Tina1785 wrote:
If x^3 > y^3, is it necessary that x > y? The question does not say anything about x, y being integers.
Hello
Tina1785This is a nice query and I think all of us should be clear in our minds about this. I am pasting one handwritten note it might be helpful.
Let us look at two broad cases
\(Case I\): \(x^3<y^3\)
\(Case II\): \(x^2<y^2\)
These cases if you notice are the ones which confuse us. So let's look at it closer.

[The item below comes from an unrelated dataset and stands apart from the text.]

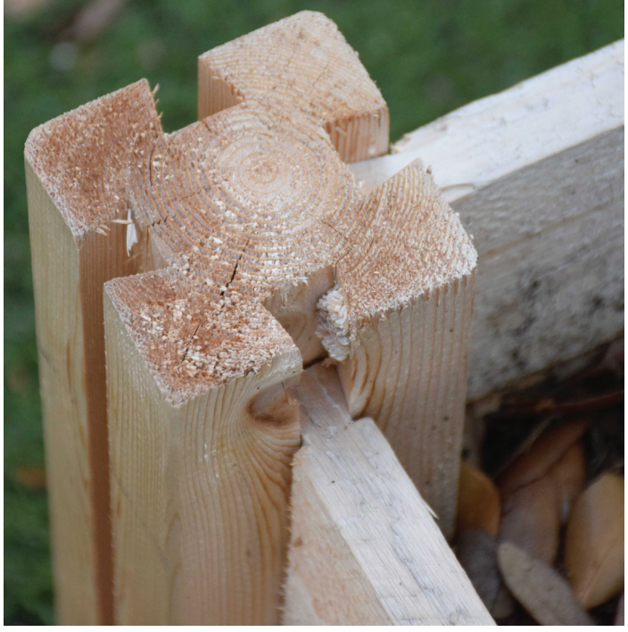
Figure 4. Example of corner post with grooves that allow 2" wood sides to slide in which makes it easy to construct and dismantle.

long sides). Purchase ninety 3" long deck screws. Stainless steel screws are preferred when using ACQ treated lumber. However, if you are on a limited budget, look for screws with a coated finish guaranteed not to corrode when used with ACQ treated lumber.

Also let us assume only non zero real numbers between \(-1\) and \(+1\). For numbers not in this range the solution also follows the same approach.
\(Case I\): \(x^3<y^3\)
In this case no matter what the variable \(x\) or \(y\) is. They will never cross the \(0\) line because as you guessed it right the sign is the reason. Look at the left side of the attached picture. If \(x<y\) then no matter what \(x^3<y^3\) will hold true.
\(Case II\): \(x^2<y^2\)
This is the case which creates confusion in our minds and rightly so. The sign changes when we square the variable and moreover the combined change in absolute value and sign may change the relationship between \(x\) and \(y\) in any way. Look at the right side of the attached diagram. In the first you see a clean inverse relationship, in the second same relationship but in the last two you will see that the absolute value matters.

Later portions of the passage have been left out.